Session Information
Date: Sunday, November 17, 2024
Title: SpA Including PsA – Diagnosis, Manifestations, & Outcomes Poster II
Session Type: Poster Session B
Session Time: 10:30AM-12:30PM
Background/Purpose: Axial spondyloarthritis (axSpA) is a group of disorders typically occurring before the age of 45 whose common features include disabling inflammatory arthritis of the spine. AxSpA has been diagnosed using radiographs as part of modified New York criteria; however, radiographic damage may not appear in early disease, whereas magnetic resonance imaging (MRI) can detect sacral inflammation thereby identifying early disease patients. Despite this, the incidence of abnormal sacral MRIs is unknown in a young, community-based population with chronic inflammatory back pain (IBP) seeking primary care. Although point prevalence of axSpA in the U.S. has been about 1%, the number of patients with early undiagnosed disease is unknown. The incidence of MRI abnormalities accompanying the diagnosis of axSpA has been studied in specialty (orthopedic, rheumatologic) clinics, but the incidence of MRI positive sacroiliitis has not been adequately assessed in the primary care setting. For this reason, the study reported herein aims to determine the incidence of abnormal MRIs consistent with sacroiliitis among patients in the primary care setting who report at least 3 of 5 IBP features lasting 3 months or longer. The secondary objective is to determine, among patients with abnormal and normal MRIs, the proportions of those who are HLA-B27 positive.
Methods: This is a prospective study of consecutively encountered adult patients younger than 45 years of age who presented to primary care chiropractic clinics with chronic low back pain and were then screened using an IBP assessment. If patient responses were positive for ≥3 out of 5 questions, MRI and HLA-B27 testing were obtained. Analysis of variance methods were used to determine the difference of outcomes among the groups. Crosstab Chi-square tests were conducted to assess the association between categorical outcomes and groups.
Results: We examined 67 MRIs using both T1 and Short Tau Inversion Recovery protocols from enrolled subjects screened positive for IBP. Of the 67 subjects, 41 had normal MRIs and 26 were abnormal. Among those 26 patients with abnormal MRIs, 12 (46.2%) were related to the SI joints, and the other 14 abnormal MRI patients did not have SI joint related abnormalities. Seven (26.7%) of the 26 subjects had hip abnormalities, two (7.7%) of which had synovitis/effusions in both hips and SI joints. There was a statistically significant association between the HLA B-27 and MRI sacroiliac (SI) joint status (p=0.0205). Specifically, 4 (33.3%) of the 12 with SI joint MRI abnormalities had a positive HLA B-27, none of the 14 normal SI but abnormal MRI patients had positive HLA B-27. For comparison, only 2 (4%) of the 41 normal MRI patients had positive HLA B-27.
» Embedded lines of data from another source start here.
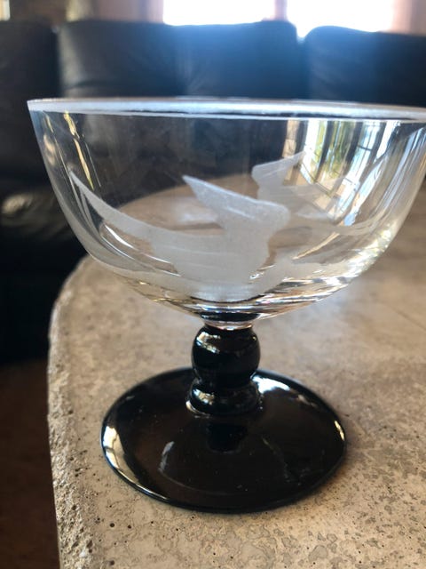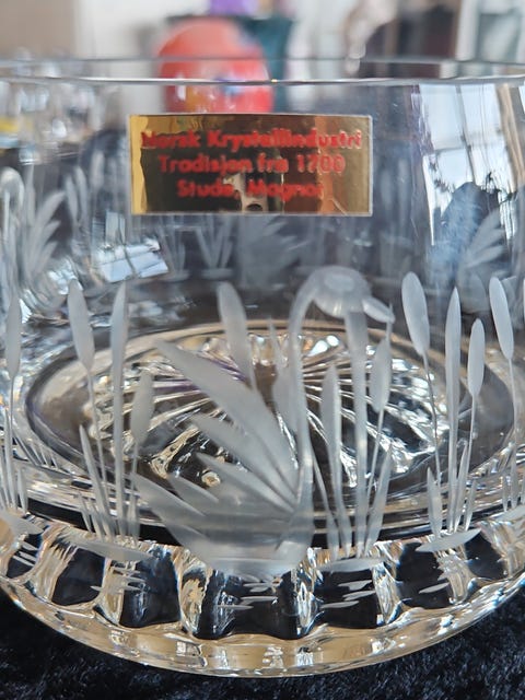Lott i blått glass.
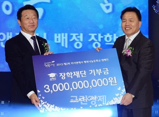 아프로파이낸셜그룹(러시앤캐시)이 출연한 재단법인 아프로에프지장학회는 22일 ‘2013 제2회 러시앤캐시 행복나눔 등록금 캠페인’ 장학증서 수여식을 열고, 총 600명의 대학생에게 2학기 등록금 전액장학금을 지급한다.
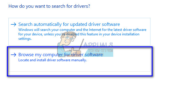 A new window will pop up asking whether you want to update the drivers automatically or manually. Select the second option (manually). Browse to the location where you downloaded the drivers and install them.
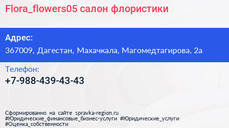 Flora_flowers05, салон флористики по адресу 367009, Дагестан, Махачкала, Магомедтагирова, 2а в дальнейшем Организация, размещена в следующих категориях:
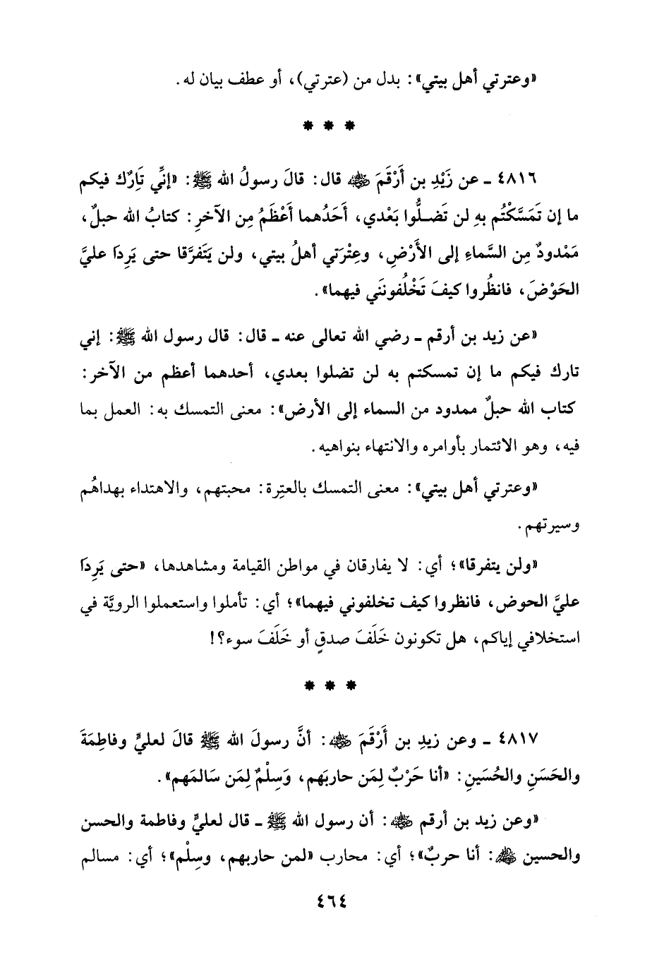 4816 - عن زَيْدِ بن أَرْقَمَ - رضي الله عنه - قال: قالَ رسولُ الله - صلى الله عليه وسلم -: "إنِّي تَاِركٌ فيكم ما إن تَمَسَّكْتُم بهِ لن تَضلُّوا بَعْدي، أَحَدُهما أَعْظَمُ مِن الآخرِ: كتابُ الله حبلٌ، مَمْدودٌ مِن السَّماءَ إلى الأَرْضِ، وعِتْرَتي أهلُ بيتي، ولن يَتَفرَّقا حتى يَرِدَا عليٍّ الحَوْضَ، فانظُروا كيفَ تَخْلُفوننَي فيهما".

Conclusion: Almost 40% (26 of 67) of patients with IBP symptoms had an abnormal sacral MRI. Of those 26, 46.2% (12 of 26) had abnormal SI joints. There was a statistically significant association between HLA B-27 and MRI SI joint abnormalities. We also found a substantial number of abnormal hip findings in this young population. Future research with a larger sample size is warranted to confirm the current findings.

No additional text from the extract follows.